Ich hatte heute morgen ein halbes dutzend "HääÄäÄ, aber MSA stellt doch gar keine Drohnen her?!" replies erwartet, aber diesen repost als ehr safe und witzig eingeschätzt (-:

@nblr hehe ja ich heische auch nicht jedem Meme hinterher was nicht bei 3 auffe Bäume ist - seit dem Ende von Soup.io fühle ich mich da oft unterinformiert - hach soup.io - wo ziehst du denn deine Meme News? :D
Stop Doing Math | Know Your Meme

Stop Doing Math refers to a parody infographic by meme creator Welcome To My Meme Page that suggests the reader stops doing math for a variety of nonsensic

Know Your Meme
@nblr hehe ja also jetzt wo ich mich informiert habe ists witzig :D aber deswegen frage ich ja nach. Dachte mir schon, dass da noch mehr (oder weniger) dahinter steckt.
@Bediko I guess agile development is a buzzword that creates hell for engineers in the field.

@Bediko

I guess that IMHO scrum != Agile

#dev #software

@Bediko @bootblackcub OMG yes please.

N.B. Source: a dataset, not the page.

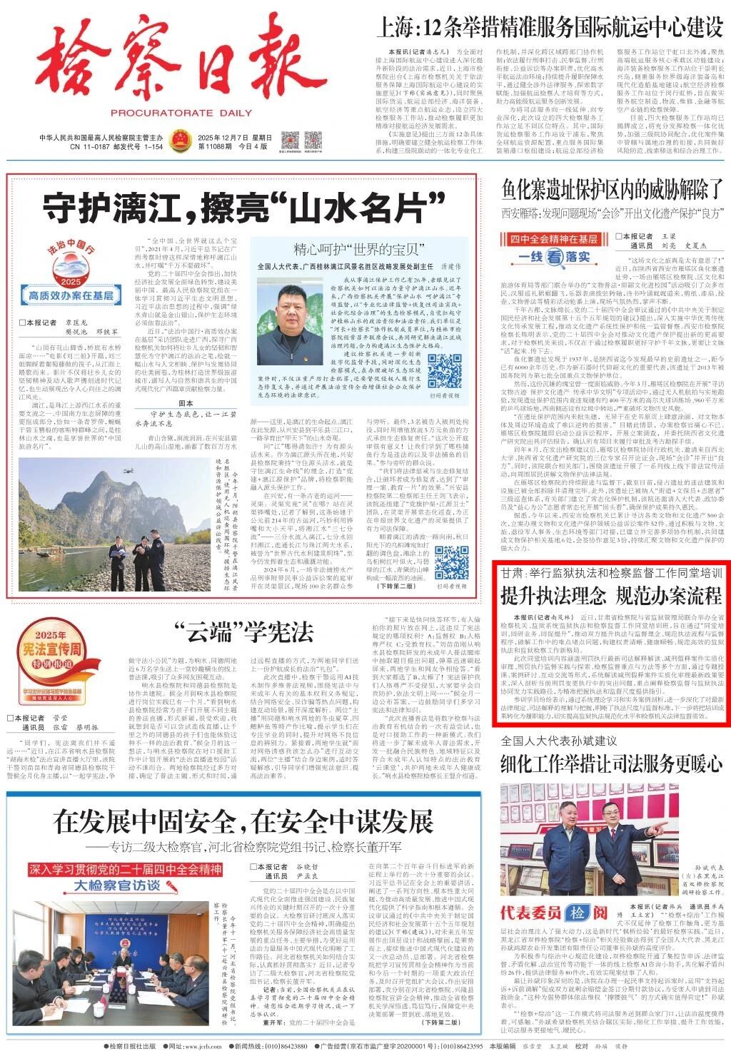 2025年12月7日,检察日报头版刊发《甘肃:举行监狱执法和检察监督工作同堂培训 提升执法理念 规范办案流程》。

The number of non productive meetings i have been in 😱

There are some good points in the methodology but only use those not the full thing. I like the shorter sprint delivery of subgoals as it allows to check progress more and if you are still on track. No need to have 5 meetings surrounding that though.

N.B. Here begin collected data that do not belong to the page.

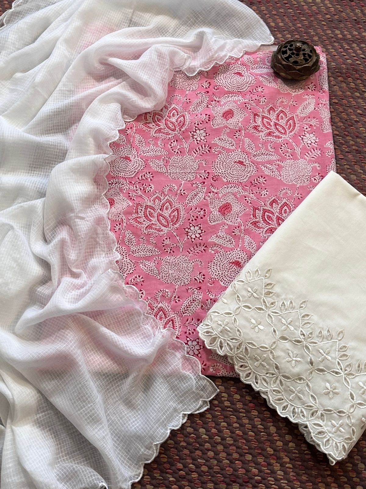 Pure Cotton Hand-blocked Fabric with Cutwork Bottom & Kota Doria Dupatta - Unstitched Set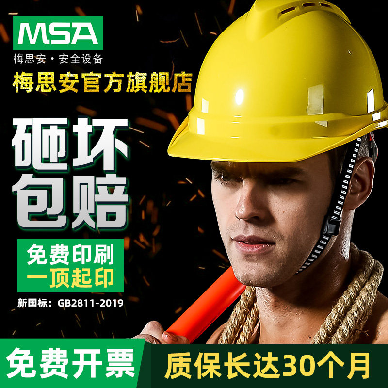 Msa梅思安安全帽印字定制建筑加厚v型劳保头盔工地abs塑料国标帽 阿里巴巴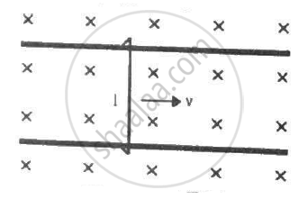 Figure shows a wire sliding on two parallel, conducting rails placed at a separation l. A magnetic field B exists in a direction perpendicular to the plane of the rails. What force is necessary to keep the wire moving at a constant velocity v?

@Bediko these So called "Agilist" are mad! They actually think people are more important than process? Working software? How are we going to get paid if we they don't need us anymore!
@Bediko Nothing about this is Agile. It's Scrum. Scrum is garbage and does a very good job of doing the opposite of Agile core principles.
@Bediko cc @nickchapsas & your last video on YouTube :)
@Bediko Agile Development: when the boss expects you to bend over backwards.
@Bediko

Nailed it.

I have our 2 PMs somewhat potty-trained, tho. We let the chickens lay eggs while we make the bacon. It gives them something to do.

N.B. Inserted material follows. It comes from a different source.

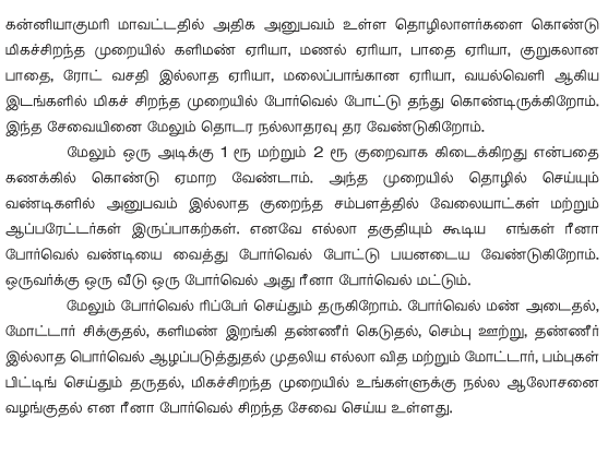 Marthandam, Kanyakumari District .REENA BOREWELLS is equipped with world best compressor and India's no. 1 rig mast (KLR).Our is the one of the best bore well drilling machinery unit in Tamil Nadu, India. Advantage with us is , even in any critical formation conditions also our rig can drill up to the maximum depth. Other technical advantage with us is Dust Controlling Equipment and Automatically water injection system. Our technical staff is very much efficient in operating this system, which is the most unique feature with our HYDRALIC SUPER RIG. Reena Borewells, a unique venture by a veteran professional, It aims to serve the Motherland to benefit millions of people. We locate waterwell points, undertake drilling of waterwells and fix up submersible pumps and to help the people by our humble work and extensive knowledge. |

The burndown chart is hilarious! Pretty spot on, except ours always seems to look like the San Francisco skyline.

The trick is to somehow wrest control of the SDLC from PMs and other chickens. Our QA lead spearheaded the project, and it's worked pretty well.

We basically set up "triggers" that pass the buck, and it eventually lands in the biz's laps in the form of UAT. We don't release until UAT is signed off. A trigger might be moving a ticket to "Ready for Merge" and doing a PR. Or merging all the feature branches into a release candidate to trigger regression testing.

We also taught our PMs to clone tickets and split points, then close the clone and move the original to the next sprint, so we can account for partial completion. Hence the San Francisco skyline.

AGILE only works if the dev team sorta quasi-unionizes and takes control of the process, but in a transparent way.